Following his admission to the bar, Flournoy immediately began practicing law in Romney and "won merited distinction" in his field. He became a prominent leader in the community and was elected as a member of the Romney Literary Society. Flournoy served on the fourth Board of Regents of the West Virginia Schools for the Deaf and Blind from 1876 to 1880. He served three terms as mayor of Romney. As his law career prospered, Flournoy was active in the establishment of The Society of the Ex-Confederate Soldiers in Hampshire County. The society's missions were to obtain an accurate roster of Confederate veterans and to collect and preserve materials to maintain a "truthful" history of the American Civil War. Flournoy and a group of Confederate veterans met at the Hampshire County Courthouse in Romney on July 31, 1883, where he was appointed secretary of the society. The society's constitution was presented at its first annual reunion on September 5, 1883, at which time Flournoy was officially titled as the society's corresponding secretary. Alexander W. Monroe was among the society's three concurrently-serving vice presidents.

=== West Virginia Senate ===
Flournoy was elected to represent the 12th Senatorial District, consisting of Grant, Hampshire, Hardy, Mineral, and Pendleton counties, in the West Virginia Senate in 1885 and was re-elected to the seat in 1889. In the West Virginia state senatorial election on November 6, 1888, Flournoy defeated his Republican challenger S. G. Pownall with 5,578 votes to Pownall's 4,028 votes. Following his election, Flournoy was selected as part of West Virginia's attending delegation to the inauguration of President Benjamin Harrison. In his first term in the West Virginia Senate, Flournoy served as chairman of the Judiciary Committee, and in his second term he served as chairman of the Committee on Counties and Municipal Corporations. Throughout his two terms, Flournoy served on the committees of Privileges and Elections, Federal Relations, Immigration and Agriculture, and Public Printing. In 1890, during his second term in the West Virginia Senate, Flournoy relocated from Romney to Charleston and continued practicing law there. He resigned from his senate seat in 1890.

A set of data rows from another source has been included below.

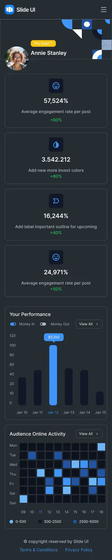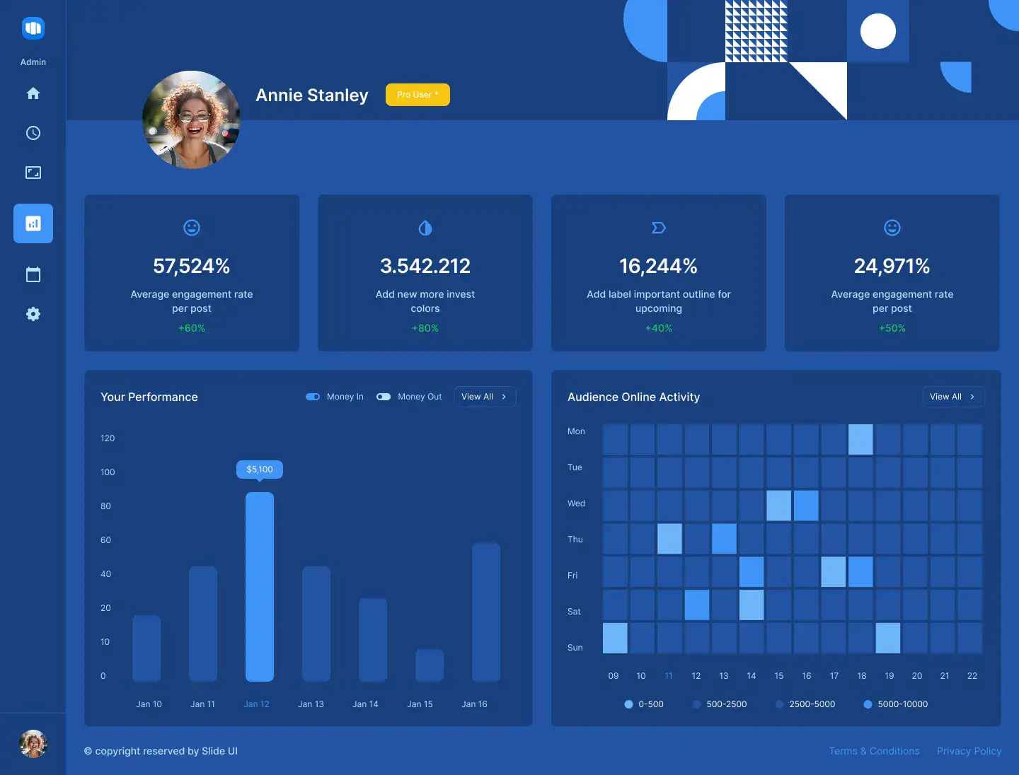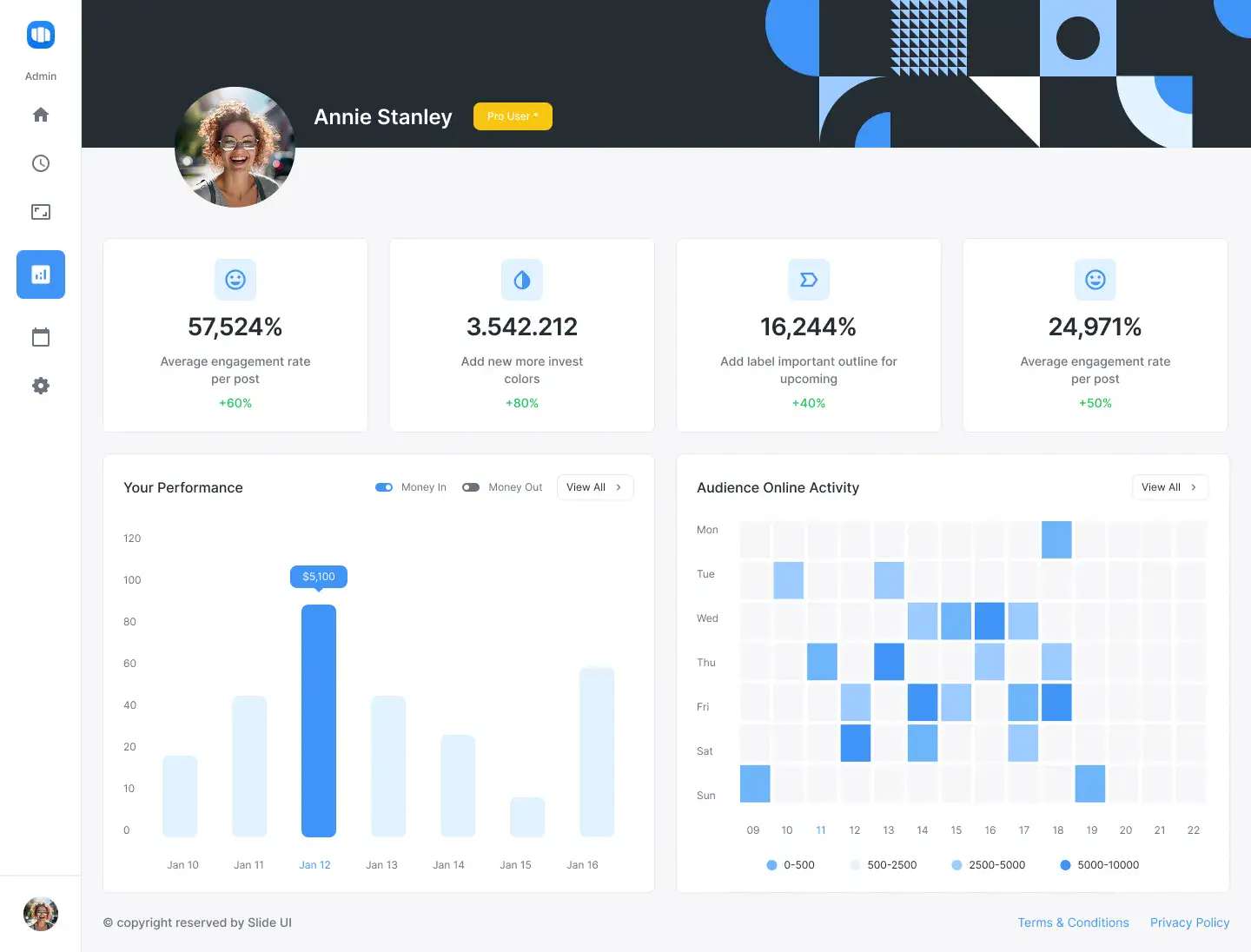 Dashboard Layout for Figma — modern, themeable and responsive across Desktop, Tablet and Mobile. Includes Light, Dark and Accent modes for fast customisation. Ideal for Agency, Education, Insurance.
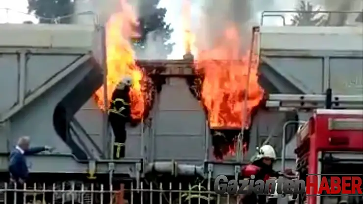 Gaziantep’te meydana gelen yangında peronda bekleyen TCDD personellerine ait vagonlar yanarak kullanılmaz hale geldi.
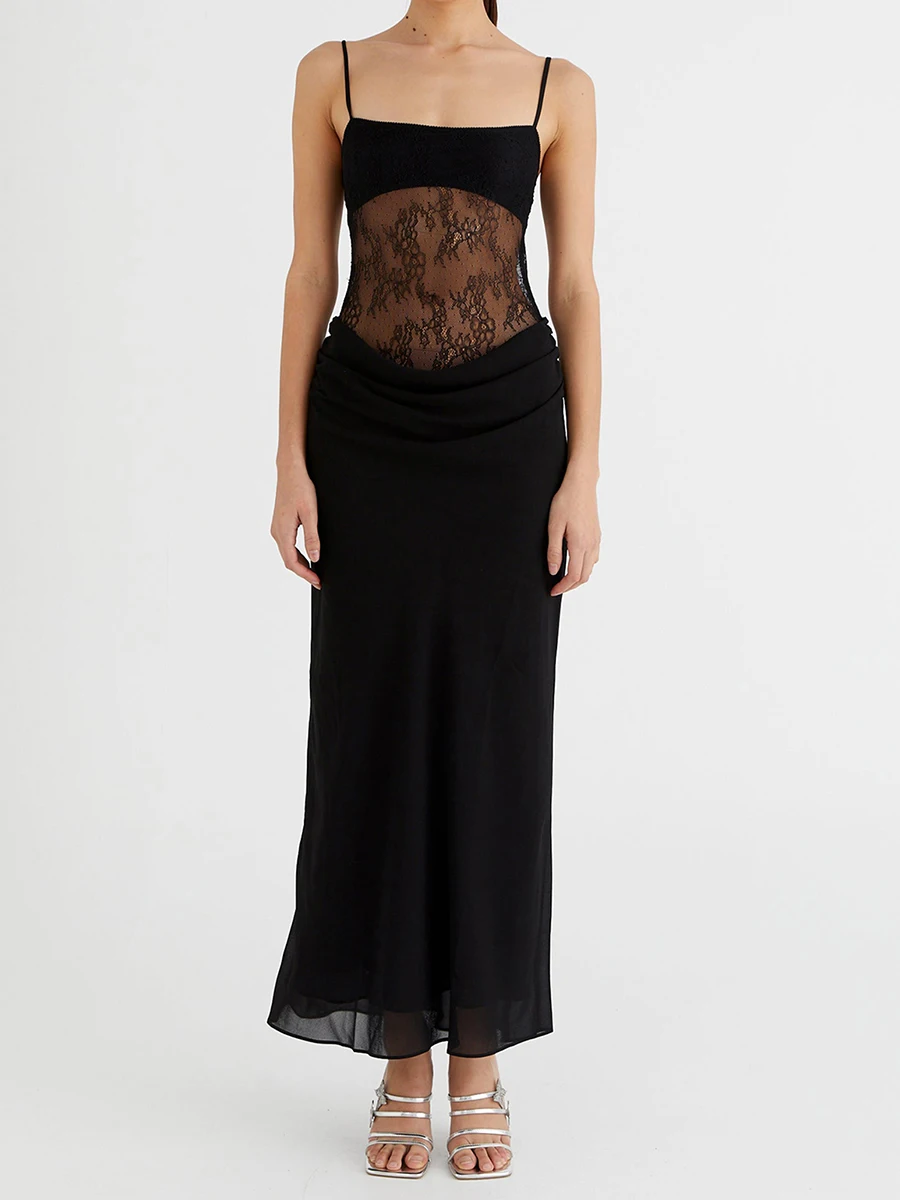 Summer Women’s Long Cami Dress for Party Eveing Club Sleeveless Open Back Lace Patchwork Bodycon Dresses

===Charleston law practice===
In Charleston, in 1891, Flournoy founded the law firm Couch, Flournoy and Price with former West Virginia Senate President, George Edmund Price. The firm would later become Flournoy, Price, and Smith with the addition of Harrison Brooks Smith in 1894. On March 7, 1892, Flournoy and his partner Price were admitted to practice before the Supreme Court of the United States. Flournoy and Price continued to expand their law practice into Southern West Virginia when they were admitted to the bar of Summers County in 1894.

In April 1897, while practicing law in Charleston, Flournoy became qualified to practice law at the bar of Tazewell County, Virginia. As a Charleston lawyer, Flournoy represented both plaintiffs and defendants involved in suits over coalfield land titles in Southern West Virginia and Southwest Virginia. From 1900 to 1901, Flournoy represented the defendant Henry C. King in a widely publicized case involving claim to a land title of 500000 acres spanning counties in Southern West Virginia and Southwest Virginia in the United States Circuit Court of Appeals. In 1901, Flournoy represented S. J. Ritchie of Akron, Ohio, in the Tazewell County Court, where his client claimed a large land tract of valuable coalfields spanning Tazewell County and McDowell County, West Virginia.

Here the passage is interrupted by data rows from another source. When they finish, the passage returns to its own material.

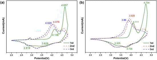 CV curves of initial three cycles in the potential range of 2.8–4.8 V for (a) LMR and (b) LMR-Mo.
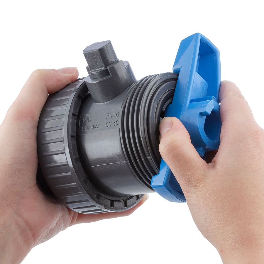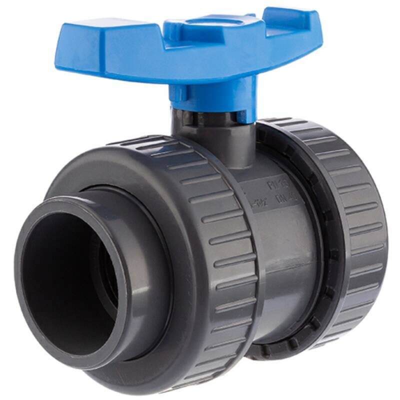 Dieser professionelle Kugelhahn aus robustem PVC-U ist mit zwei Klebemuffen und Überwurfmuttern ausgestattet. Die beidseitige Durchflussrichtung ermöglicht flexible Installation – perfekt geeignet für komplexe Wassersysteme.
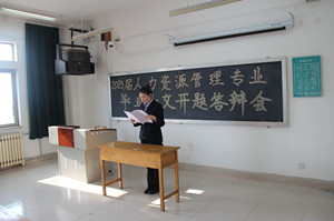 为了保证20115届人力资源管理专业毕业论文工作的顺利实施,帮助学生更好的完成毕业论文撰写工作,严格把控毕业论文撰写质量,保证毕业论文开题答辩的顺利实施,1月10日,管理学院分别在文外楼515,516,517,518教室,分四个小组进行了毕业论文开题答辩指导工作。管理学院王怡红教授,杜秀教授,刘春英教授,刘庆顺教授,赵健副教授,李鹏副教授,李洪深副教授,房列明副教授等人力资源管理专业全体教师作为各专家小组成员指导了毕业生答辩。
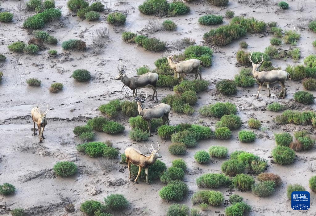 8月25日,野生麋鹿栖息在川水湾(无人机照片)。
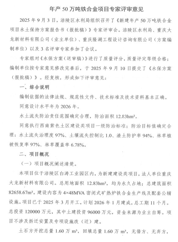 2.新建年产50万吨铁合金项目水土保持方案报告书专家评审意见
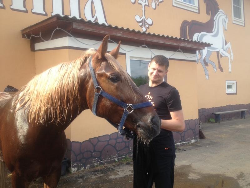 Очень активный жеребец.Был выкуплен с мяса,документов никаких на него не имеется.Заезжен под седло,но последние месяцев 8-9 в седле не работал,только на корде.
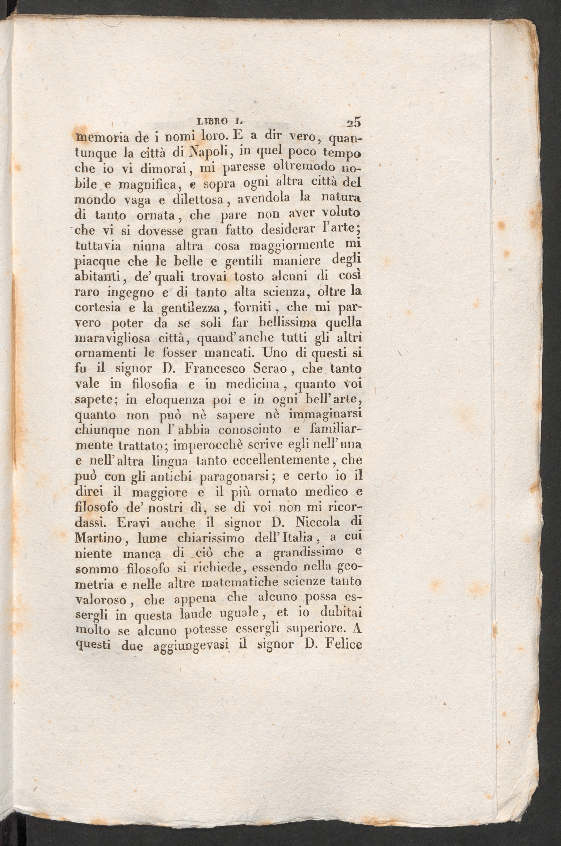 memoria de i nomi loro. E a dir vero, quan-tunque la città di Napoli , in quel poco tempoche io vi dimorai, mi paresse oltremodo no-bile e magnifica, e sopirà ogni altra città delmondo vaga e dilettosa, avendola la naturadi tanto ornata, che pare non aver volutoche vi si dovesse gran fatto desiderar l’arte;tuttavia niuna altra cosa maggiormente mipiacque che le belle e gentili maniere degliabitanti, de’ quali trovai tosto alcuni di cosìraro ingegno e di tanto alta scienza, oltre lacortesia e la gentilezza, forniti, che mi par-vero poter da se soli far bellissima quellamaravigliosa città, quand’anche tutti gli altriornamenti le fosser mancati. Uno di questi sifu il signor D. Francesco Serao , che tantovale in filosofia e in medicina, quanto voisapete; in eloquenza poi e in ogni bell’arte,quanto non può nè sapere nè immaginarsichiunque non l’abbia conosciuto e familiar-mente trattato; imperocché scrive egli nell’unae nell’ altra lingua tanto eccellentemente, chepuò con gli antichi paragonarsi; e certo io ildirei il maggiore e il più ornato medico efilosofo de’ nostri dì, se di voi non mi ricor-dassi. Eravi anche il signor D. Niccola diMartino, lume chiarissimo dell’ Italia , a cuiniente manca di ciò che a grandissimo esommo filosofo si richiede, essendo nella geo-metria e nelle altre matematiche scienze tantovaloroso, che appena che alcuno possa es-sergli in questa laude uguale, et io dubitaimolto se alcuno potesse essergli superiore. Aquesti due aggiungevasi il signor D. Felice
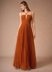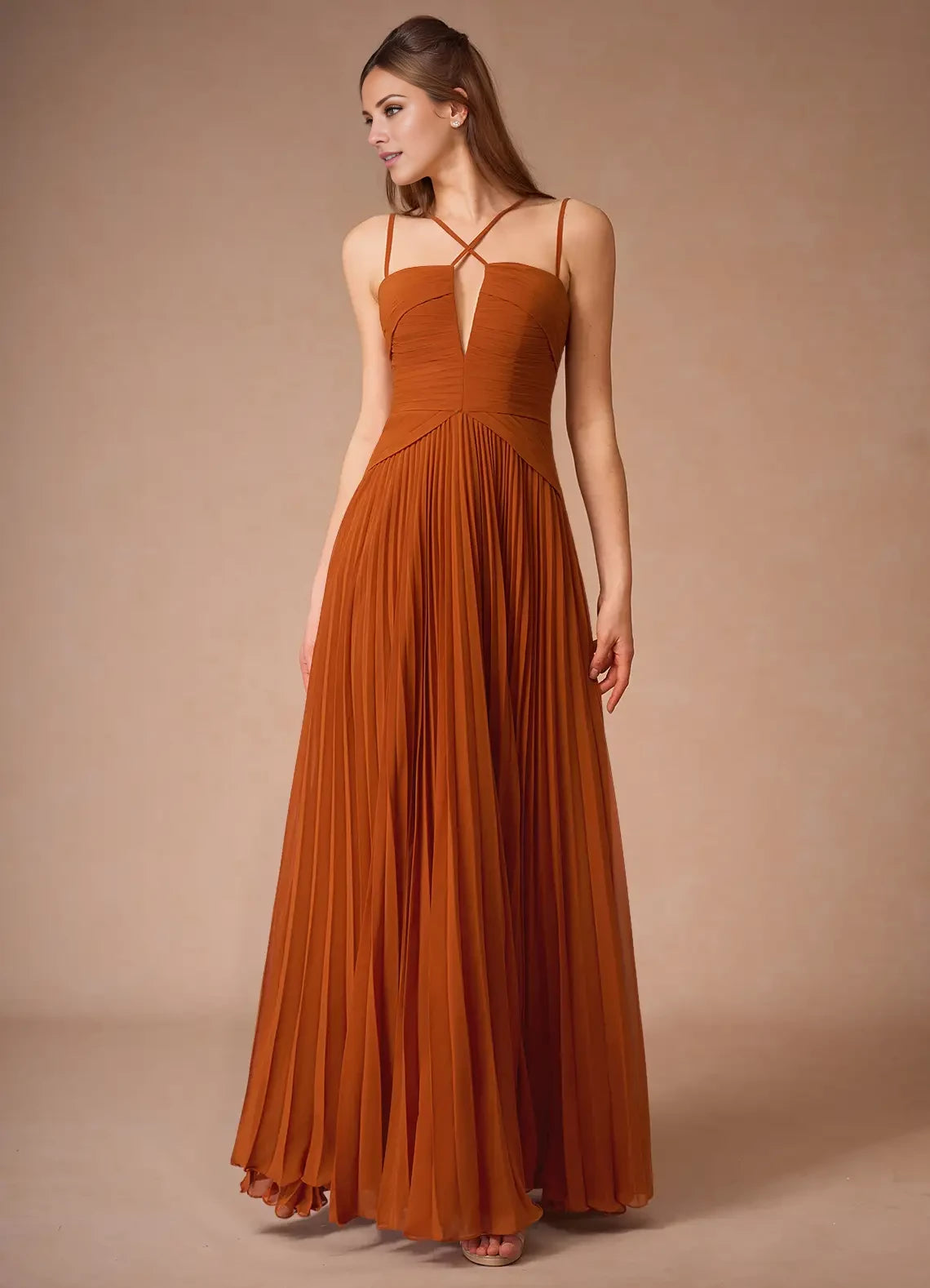 Thin shoulder strap Long Midi Dress Evening Dresses - Spice / US 2 / UK 6 / EU 32

=== Gubernatorial candidacy ===
In early April 1900, a movement among prominent West Virginia Democratic Party members in Charleston began to coalesce around Flournoy in support of his candidacy for West Virginia governor. Flournoy was considered a William Jennings Bryan Democrat with conservative positions, and Charleston Democrats felt he would receive wide support and would not antagonize corporations. Flournoy took the matter under advisement and on April 25, 1900, he announced his candidacy for West Virginia governor. In his announcement, Flournoy stated that he was unwilling to engage in a heated contest for the nomination and that he would be content with the outcome of the Democratic Party state convention, no matter the decision. He further stated that he trusted the state convention would craft a ticket that would command the support of the people of West Virginia. Following his announcement, the Spirit of Jefferson newspaper in Charles Town stated of Flournoy on May 1, 1900: "Mr. Flournoy is a most estimable gentleman, well and favorably known here, would doubtless make an excellent governor, and as the nominee of the Democratic party would receive a hearty support in the Eastern panhandle." Flournoy also received the support of the Democratic Party in Mineral County in May 1900.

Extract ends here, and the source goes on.